# Web based IPv4/IPv6 address management



## sv01 (Feb 17, 2014)

http://www.gestioip.net/



> GestióIP is an automated, Web based *IPv4/IPv6 address management (IPAM) software*. It features powerful network discovery functions and offers search and filter functions for both networks and host, permitting Internet Search Engine equivalent expressions. This lets you find the information that administrators frequently need easily and quickly. GestióIP also incorporates an automated VLAN management system.
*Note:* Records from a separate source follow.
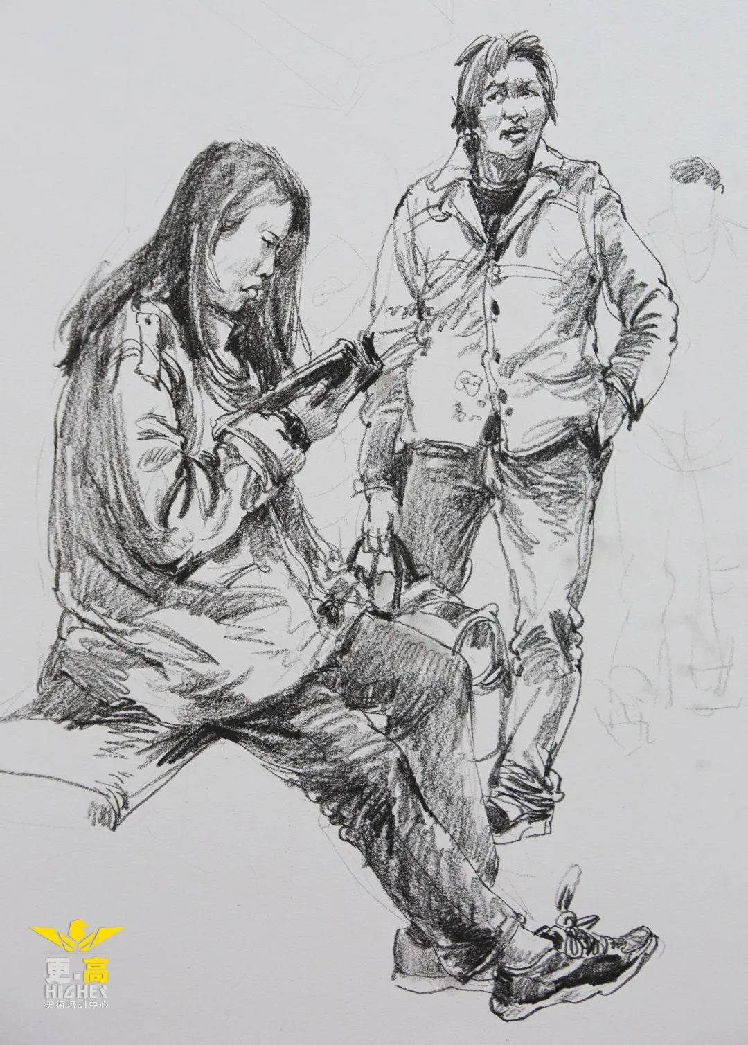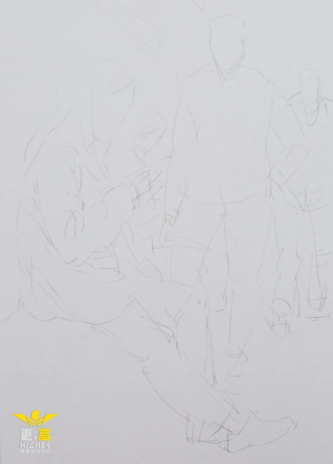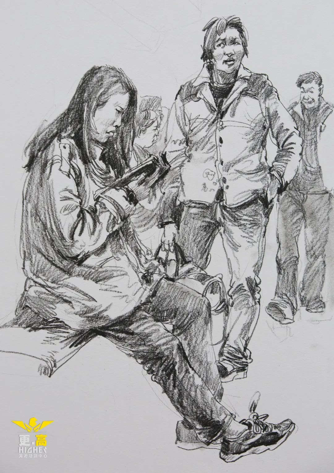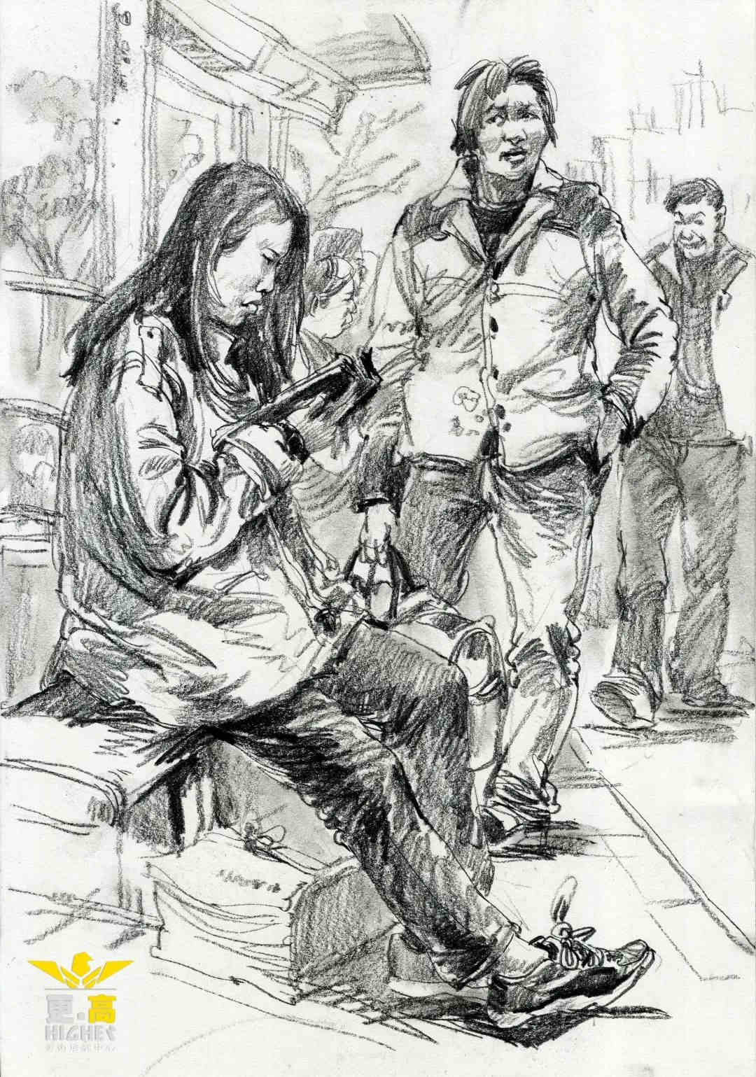 (1)構(gòu)圖,面對人物組合的場景,不宜馬上就動手畫,首先應該靜下心來,用幾分鐘的時間認真觀察人物組合之間的關系。要做到心中有數(shù),再著手起稿。要特別注意人物體之間的形體關系。
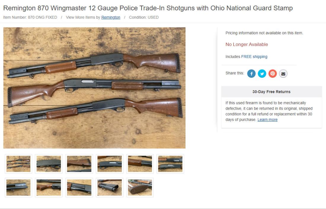 The sites identified the weapons as Remington 870 shotguns from the Ohio National Guard and sold by a shop called Sportsman’s Outdoor Superstore.
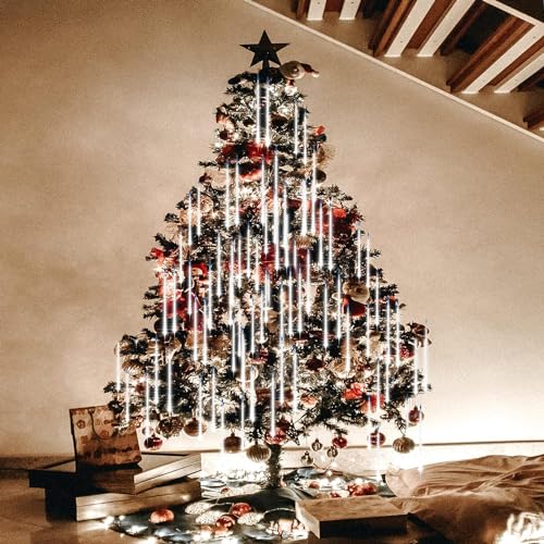 ATFKZADV Luci Della Pioggia di Meteore, con 8 Tubi Luminosi di 30cm, 240 leds, 3.2m Lunghezza,IP65 Impermeabile, Meteor Solari Luci di Natale, per Albero di Natale, Giardino, Interno, Esterno
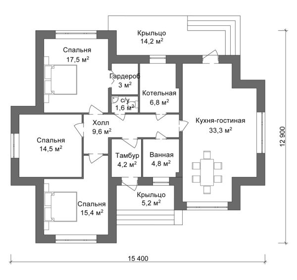 Общая площадь: 130,10 м2, одноэтажный, 3 спальни, материал строительства: блоки, дополнения: терраса.
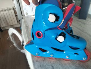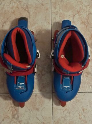 Se venden patines en línea de color azul brillante con detalles en rojo. Son perfectos para iniciarse en el patinaje. - Talla ajustable 28-30. - Cierre con velcro y hebilla. - Ruedas de poliuretano.

maybe some of us need such tools


----------



## bauhaus (Feb 17, 2014)

Thank you for the finding.


----------



## blergh (Feb 17, 2014)

Seems pretty convenient, spanx


----------



## notFound (Feb 17, 2014)

Me gusta, mucho gracias.


----------



## Virtovo (Feb 17, 2014)

sv01 said:


> http://www.gestioip.net/
> 
> maybe some of us need such tools


I've used it before.  It's good.  I think William at Edis recommends it also.


----------



## CraigA (Feb 19, 2014)

Great find. Thanks for sharing!


----------



## Everyday (Mar 27, 2014)

Nice find. Always looking for something that does this and is not integrated with something else. We used ubersmith for years and their IP management was great but if thats all you want its not worth getting.


----------